Excerpts from a dataset
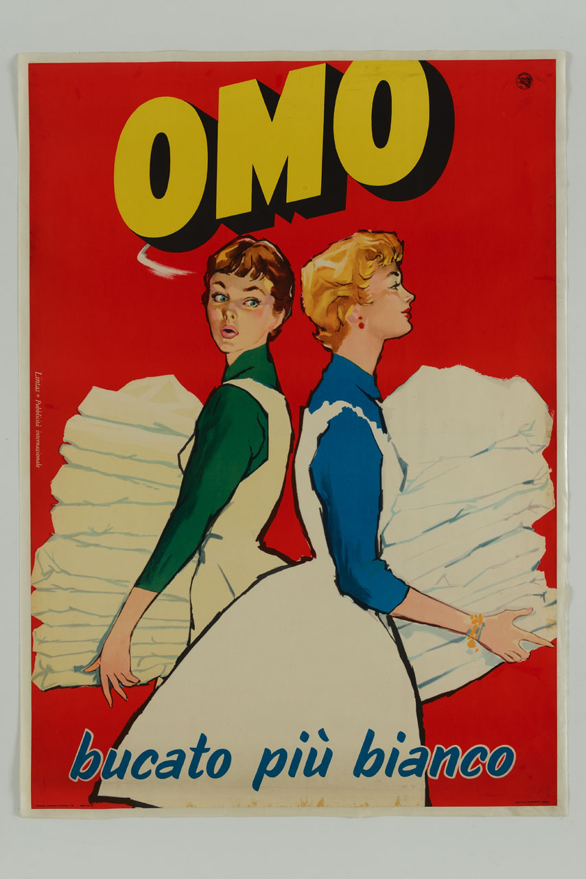 Lettura iconografica: figure femminili; grembiuli; biancheria; lenzuola; asciugamani. Categoria merceologica/ tipo evento: industria chimica; saponi e detergenti; detersivo per bucato. Nomi: Omo; Unilever. Luoghi: Italia
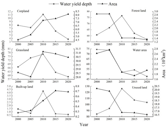 Water yield of different land uses from 2000 to 2020.
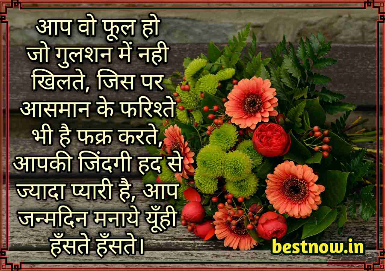 आप वो फूल हो जो गुलशन में नही खिलते, जिस पर आसमान के फरिश्ते भी है फक्र करते, आपकी जिंदगी हद से ज्यादा प्यारी है, आप जन्मदिन मनाये यूँही हँसते हँसते।
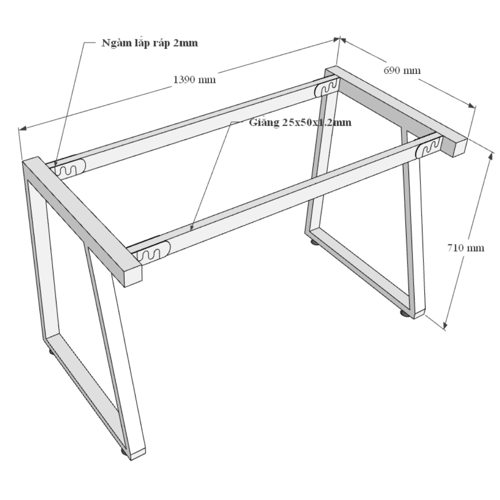 Chân sắt lắp ráp hệ trapez II kích thước 70x140cm
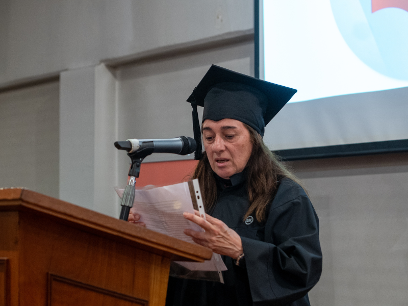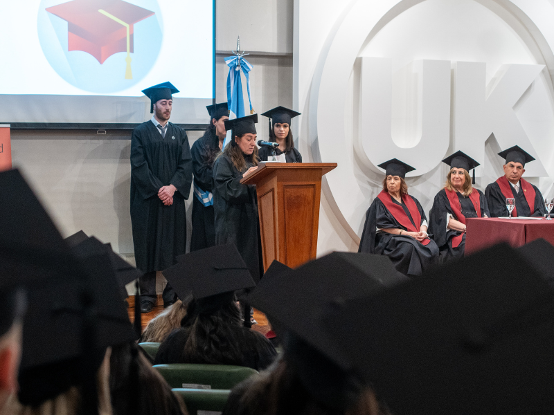 En representación de los/as egresados/as, la Lic. Graciela Depaola, graduada de la Licenciatura en Química, compartió unas palabras de agradecimiento y orgullo por el camino recorrido junto a la comunidad universitaria.
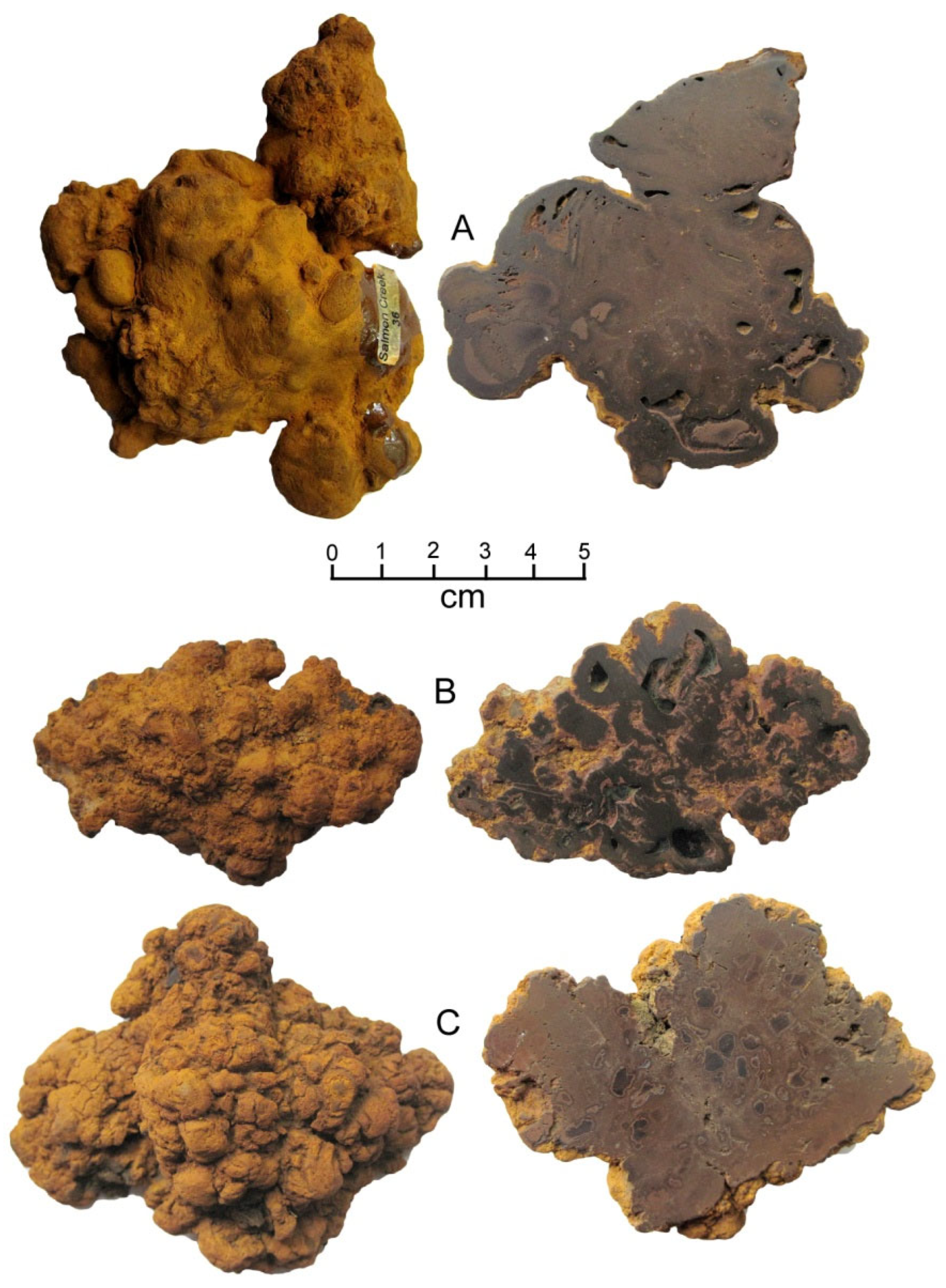 - The sizes and shapes of the ferruginous specimens have great diversity. The apparent uniformity of specimens is the result of collecting bias. At Salmon Creek, the majority of in situ specimens are very small.
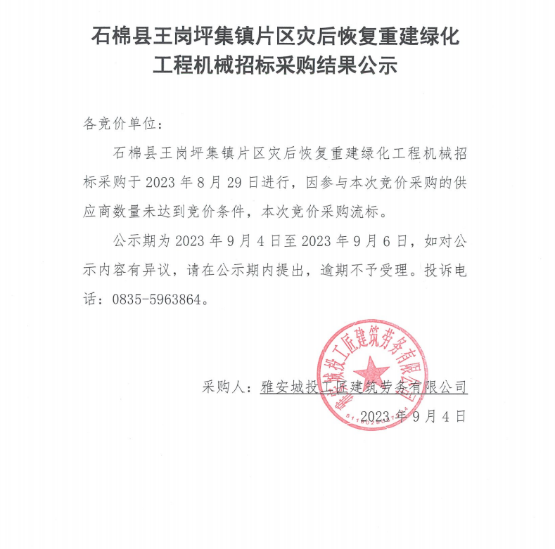 石棉縣王崗坪集鎮(zhèn)片區(qū)災后恢復重建綠化工程機械招標采購結果公示
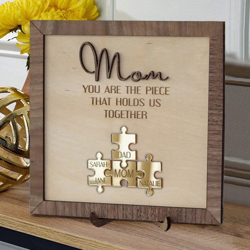 Personalized Mom Puzzle Sign With Kids Name You Are The Piece That Holds Us Together For Mother's Day Gift
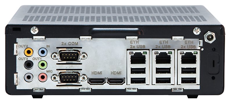 | Внешние интерфейсы | 2 порта видео с разъёмами HDMI 6 портов аудио с разъёмами «гнездо» 3,5 мм 3 порта сети Ethernet 1000Base-T с разъёмами RJ-45 6 портов периферии USB 2.0 с разъёмами типа A 2 порта консоли RS-232 с разъёмами DE-9 |
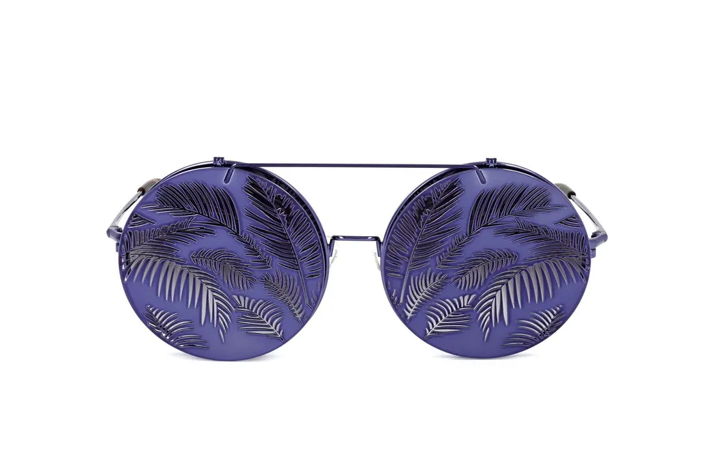 Round sunglasses with a metallic purple frame and lenses. The lenses feature an engraved palm leaf pattern. The frame has a double bridge design and thin temples with tortoiseshell tips.
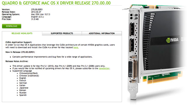Pero parece que esto puede llegar a su fin. Nvidia ha lanzado una nueva versión de sus controladores para los usuarios de un Mac Pro (modelos 3.1, 4.1 y 5.1). Y según han podido comprobar algunos usuarios, los nuevos controladores permiten usar todas las tarjetas gráficas comprendidas entre los modelos 9400GT y GTX580, ambas incluidas.
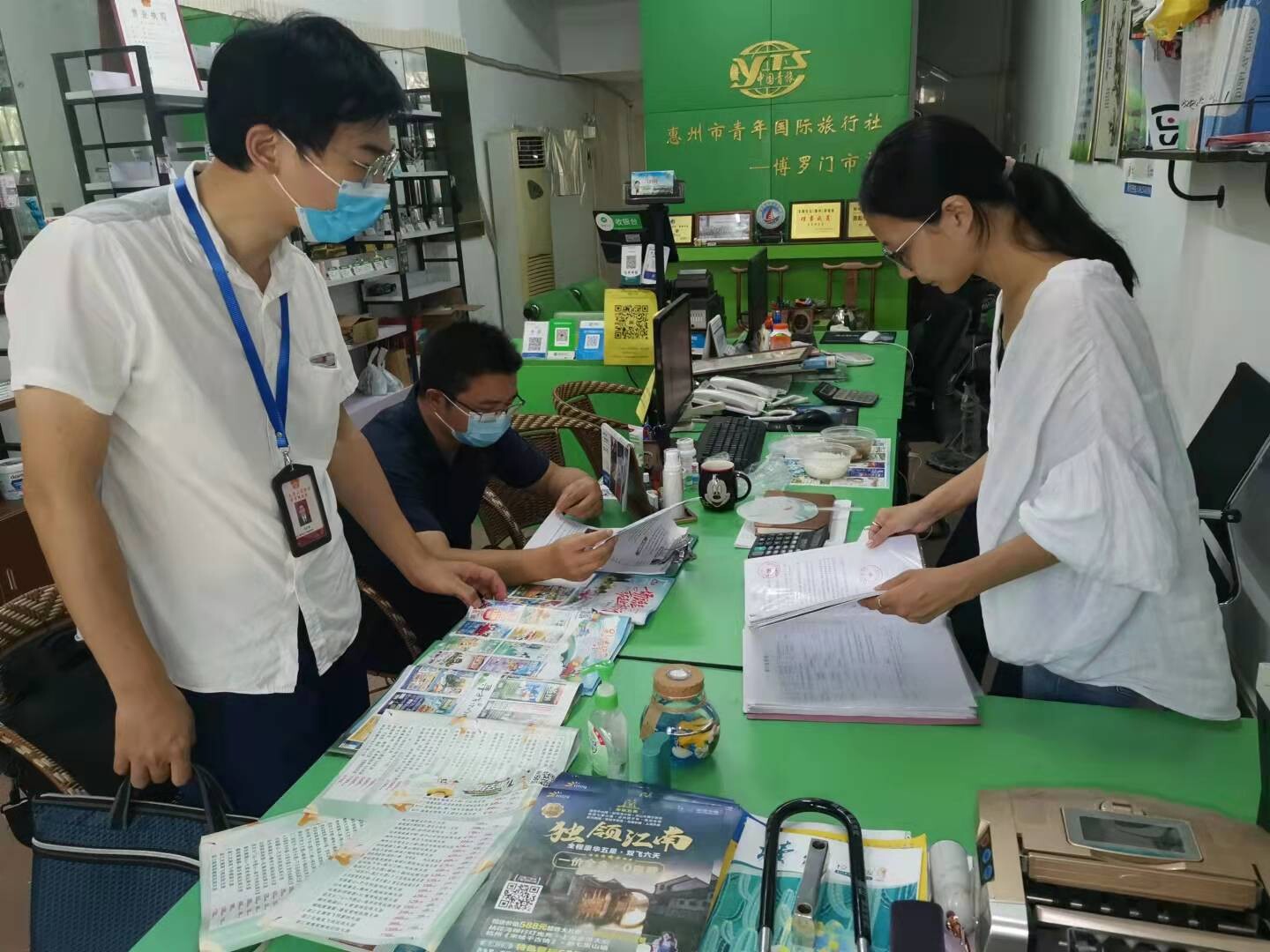 9月15日,局執法大隊工作人員按2021年度惠州市雙隨機抽查工作計劃,前往羅陽街道,開展旅行社雙隨機執法檢查行動,共檢查了3家旅行社的合法合規經營及疫情防疫執行措施,著重檢查不組團前往國內中高風險地區所在省(區、市)旅游,不承接來自中高風險地區所在省(區、市)的旅游團隊,不組織中高風險地區游客外出旅游。
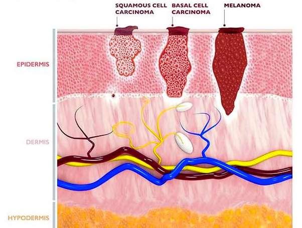 Karsinoma sel basal, jenis kanker kulit yang berasal dari sel yang ada di bagian paling dalam dari lapisan kulit yang paling luar atau epidermis. Karsinoma sel skuamosa, jenis kanker kulit yang berasal dari sel yang ada di bagian tengan dan paling luar dari epidermis. Melanoma, jenis kanker kulit yang berasal dari sel yang berfungsi untuk menghasilkan pigmen kulit atau melanosit.
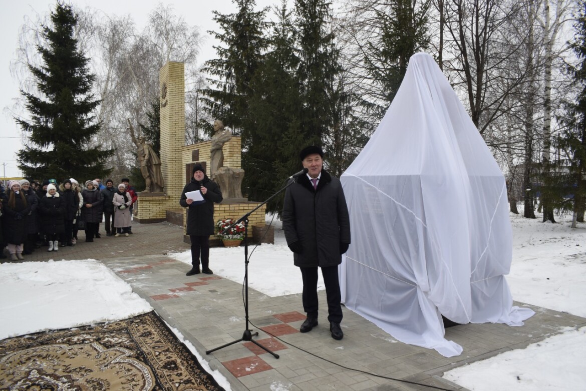 Бюстның авторы – скульптор Хәмит Мингалиев. Ул авыл җирлегенең мәдәният йорты каршында урнаштырылган. Биредә, шулай ук, Бөек Ватан сугышы ветераннары һәм тыл хезмәтчәннәренә дә һәйкәл куелуын искәртик.
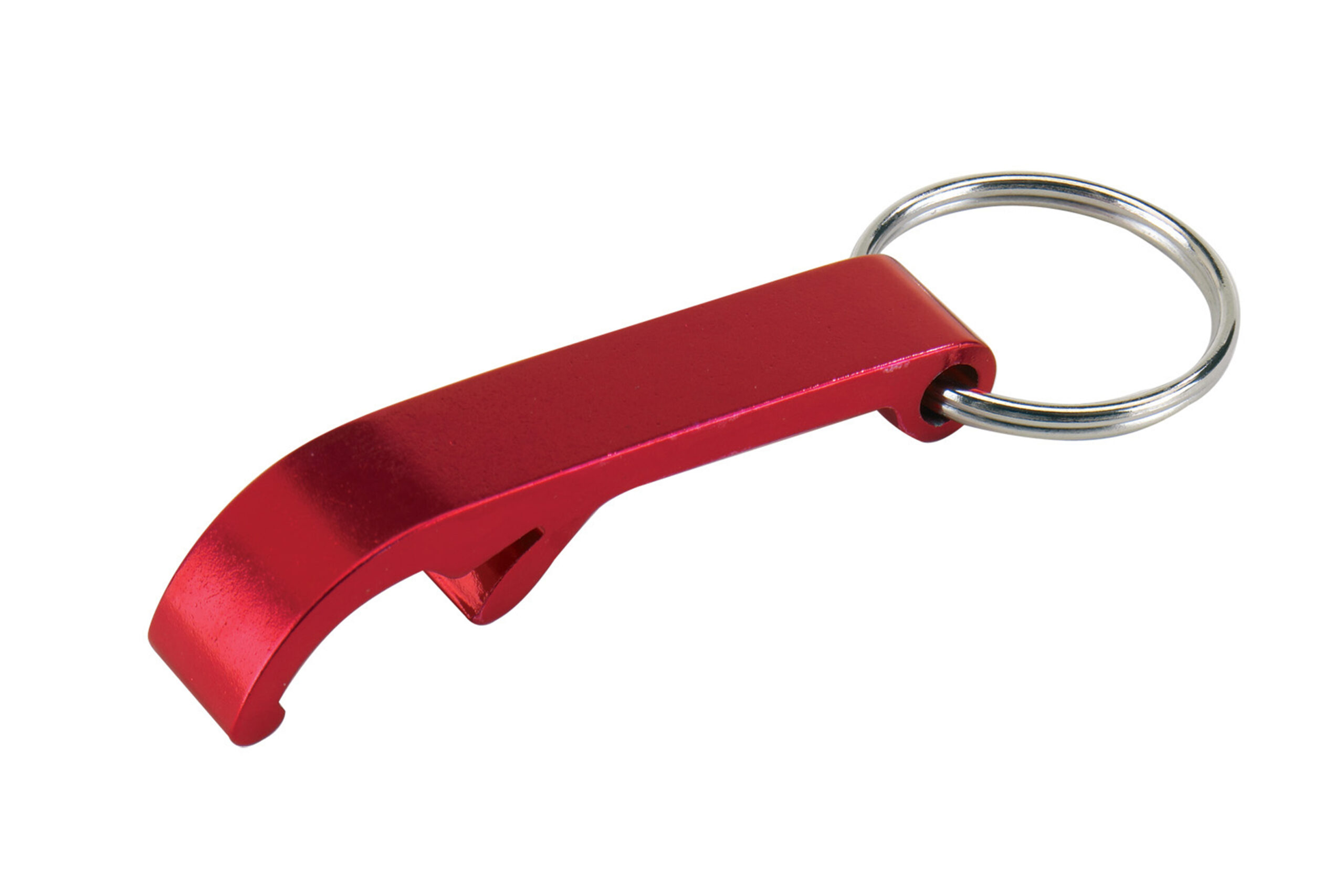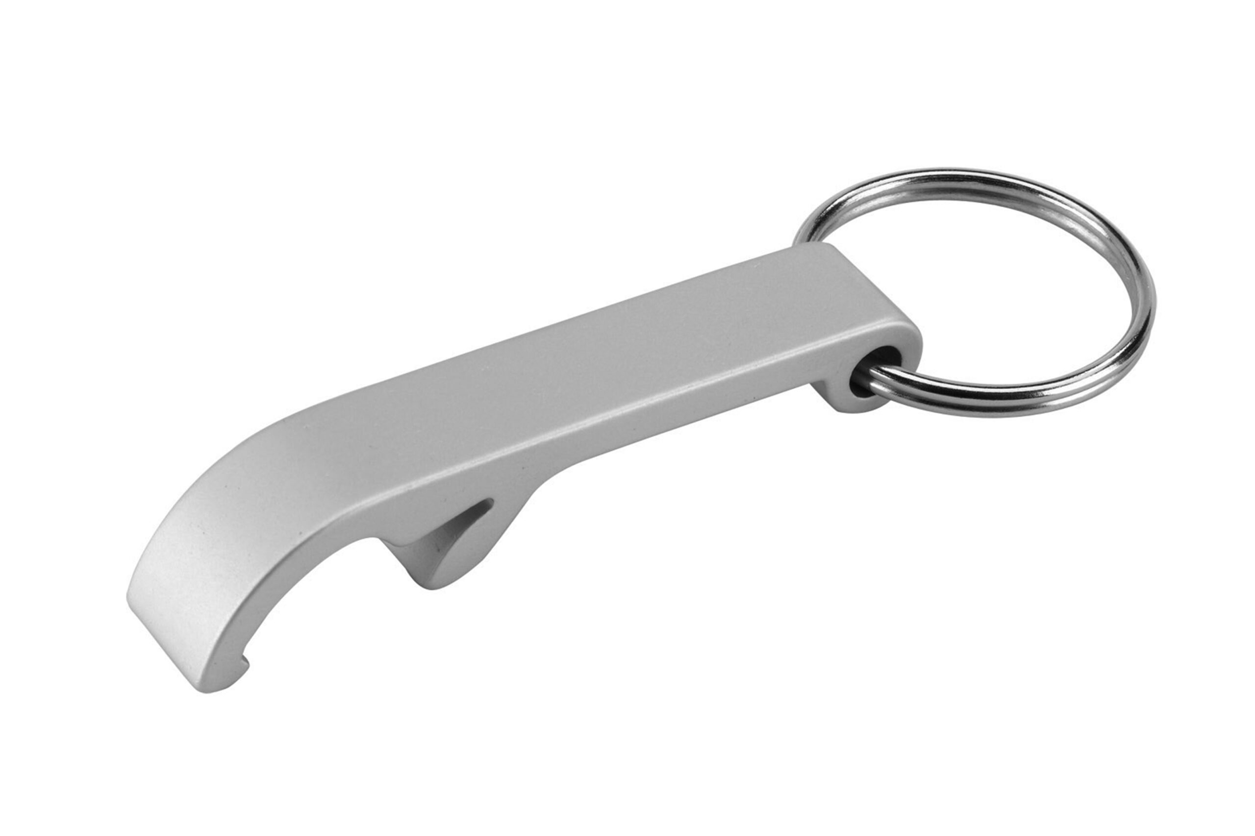 Aluminio. 5,5 x 1 x 1,1 cm. Llavero que permite ser usado como destapador.

§ PROMPT
Copy each record exactly. Leave any images out of the copy.

§ ANSWER AREA
 Lettura iconografica: figure femminili; grembiuli; biancheria; lenzuola; asciugamani. Categoria merceologica/ tipo evento: industria chimica; saponi e detergenti; detersivo per bucato. Nomi: Omo; Unilever. Luoghi: Italia
 Water yield of different land uses from 2000 to 2020.
 आप वो फूल हो जो गुलशन में नही खिलते, जिस पर आसमान के फरिश्ते भी है फक्र करते, आपकी जिंदगी हद से ज्यादा प्यारी है, आप जन्मदिन मनाये यूँही हँसते हँसते।
 Chân sắt lắp ráp hệ trapez II kích thước 70x140cm
 En representación de los/as egresados/as, la Lic. Graciela Depaola, graduada de la Licenciatura en Química, compartió unas palabras de agradecimiento y orgullo por el camino recorrido junto a la comunidad universitaria.
 - The sizes and shapes of the ferruginous specimens have great diversity. The apparent uniformity of specimens is the result of collecting bias. At Salmon Creek, the majority of in situ specimens are very small.
 石棉縣王崗坪集鎮(zhèn)片區(qū)災后恢復重建綠化工程機械招標采購結果公示
 Personalized Mom Puzzle Sign With Kids Name You Are The Piece That Holds Us Together For Mother's Day Gift
 | Внешние интерфейсы | 2 порта видео с разъёмами HDMI 6 портов аудио с разъёмами «гнездо» 3,5 мм 3 порта сети Ethernet 1000Base-T с разъёмами RJ-45 6 портов периферии USB 2.0 с разъёмами типа A 2 порта консоли RS-232 с разъёмами DE-9 |
 Round sunglasses with a metallic purple frame and lenses. The lenses feature an engraved palm leaf pattern. The frame has a double bridge design and thin temples with tortoiseshell tips.
Pero parece que esto puede llegar a su fin. Nvidia ha lanzado una nueva versión de sus controladores para los usuarios de un Mac Pro (modelos 3.1, 4.1 y 5.1). Y según han podido comprobar algunos usuarios, los nuevos controladores permiten usar todas las tarjetas gráficas comprendidas entre los modelos 9400GT y GTX580, ambas incluidas.
 9月15日,局執法大隊工作人員按2021年度惠州市雙隨機抽查工作計劃,前往羅陽街道,開展旅行社雙隨機執法檢查行動,共檢查了3家旅行社的合法合規經營及疫情防疫執行措施,著重檢查不組團前往國內中高風險地區所在省(區、市)旅游,不承接來自中高風險地區所在省(區、市)的旅游團隊,不組織中高風險地區游客外出旅游。
 Karsinoma sel basal, jenis kanker kulit yang berasal dari sel yang ada di bagian paling dalam dari lapisan kulit yang paling luar atau epidermis. Karsinoma sel skuamosa, jenis kanker kulit yang berasal dari sel yang ada di bagian tengan dan paling luar dari epidermis. Melanoma, jenis kanker kulit yang berasal dari sel yang berfungsi untuk menghasilkan pigmen kulit atau melanosit.
 Бюстның авторы – скульптор Хәмит Мингалиев. Ул авыл җирлегенең мәдәният йорты каршында урнаштырылган. Биредә, шулай ук, Бөек Ватан сугышы ветераннары һәм тыл хезмәтчәннәренә дә һәйкәл куелуын искәртик.
 Aluminio. 5,5 x 1 x 1,1 cm. Llavero que permite ser usado como destapador.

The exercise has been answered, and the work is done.